Select from External Table and View

If we now run a simple SELECT TOP 5 on both the External Table and View by logging in as the andycsynapse user. We’re using SQL Server Management Studio (SSMS) to connect to the Serverless SQL Pools endpoint and login.

--select from the external table
SELECT TOP 5 
    UserID,
    EventType,
    ProductID,
    URL,
    Device,
    SessionViewSeconds
FROM LDW.WebTelemetryParquet

--select from the view
SELECT TOP 5 
    UserID,
    EventType,
    ProductID,
    URL,
    Device,
    SessionViewSeconds
FROM LDW.vwWebTelemetryParquet

As you can see, we’re able to see data from both the External Table and the View. However…let’s look at some unwanted access.

Access to Azure Data Lake Gen2 Account

We’ve been able to select data from both the External Table and View successfully, but we have an issue. If we run a SELECT query with the OPENROWSET command on another folder in the data lake and bypass the External Table and View, we see that the query executes successfully. To do this the user would need to know the DATA_SOURCE name that’s configured to access the data lake. This isn’t out of the realms of possibility and we really don’t want to be using a “let’s hope they don’t know the name…” security strategy…

This is because OPENROWSET usage is enabled by default…we need to deny access to this by running the following command to deny usage of the BULK command to the user. Alternatively we can DENY access to the public role, which will ensure all users have this permission denied.

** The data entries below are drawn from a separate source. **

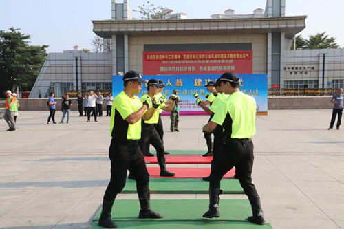本次比賽共設有民警“槍支拆裝”項目、輔警隊員“丁字棍術”項目、全鎮45家消防安全重點單位兼職消防員參加的原地著戰斗服拿滅火器滅火操等三個項目?;顒舆€組織鎮消防隊專職消防員在文化廣場舉行了手抬機動泵單干線出一支水槍操比賽。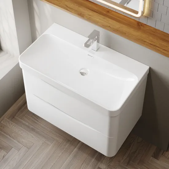 nuie Lunar Wall Hung 2 Drawer Unit & Thin Edge Ceramic Basin, 800mm - Satin White
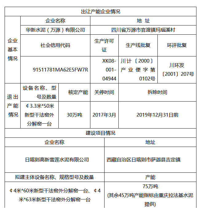附件:華新水泥(萬源)有限公司水泥熟料產(chǎn)能置換方案

--deny use of the OPENROWSET BULK command
USE master;
DENY ADMINISTER BULK OPERATIONS TO [ADGSynapseWebTelemetry];

--alternatively deny bulk operations on the public role
USE master;
DENY ADMINISTER BULK OPERATIONS TO [public];

--we can then grant access to BULK/OPENROWSET on a database-by-database basis
USE SQLWebTelemetryAnalysis;
GRANT ADMINISTER DATABASE BULK OPERATIONS TO [public];

If we now run the SELECT TOP 5 command, we can see that the DENY command has removed permissions to use the OPENROWSET BULK command.

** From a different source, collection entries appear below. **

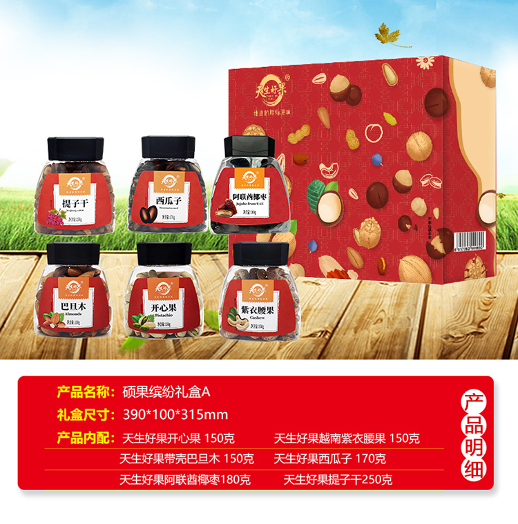 商品名称:天生好果坚果罐装中高端礼盒硕果缤纷1050款 硕果缤纷A礼盒
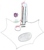 Given the variety of symptoms found in Bardet-Biedl syndrome, it is expected that organ-specific developmental pathways are defective in BBS patients. Following our hypothesis that the BBSome acts in vesicular transport to the primary cilium, one would predict that the BBSome targets tissue-specific signaling receptors to the ciliary membrane (depicted in green on the figure) and that a defective BBSome will render these pathways inactive. In collaboration with the lab of Val Sheffield, we have engineered a mouse strain that will allow us to biochemical isolate the BBSome and its associated factors. We will subject specific tissues to in-depth proteomics analysis of the BBSome with the aim of identifying specific signaling factors. Our goal is to uncover novel signaling pathways that utilize the cilium for signal capture or processing and to shed light on the molecular bais of symptoms such as obesity and retinal degeneration.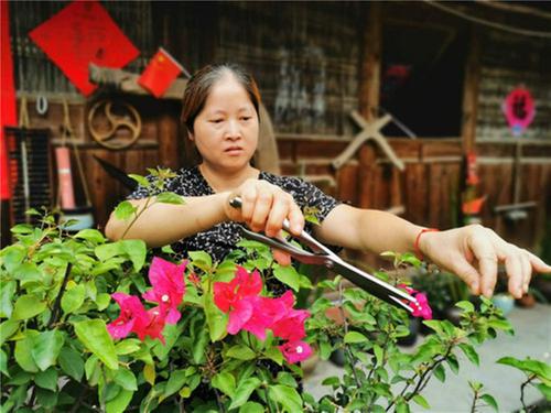 ▲羅勤正在修建花枝

This now stops the user account being able to run adhoc OPENROWSET queries on the data lake, but it’s now also stopped the View from working as the SQL definition in the view uses OPENROWSET.


Conclusion

In this blog post we’ve looked at how user permissions differ between External Tables and Views in a Serverless SQL Pools database and what we can do to restrict users accessing the underlying data lake data by denying the use of the BULK statement in the OPENROWSET command.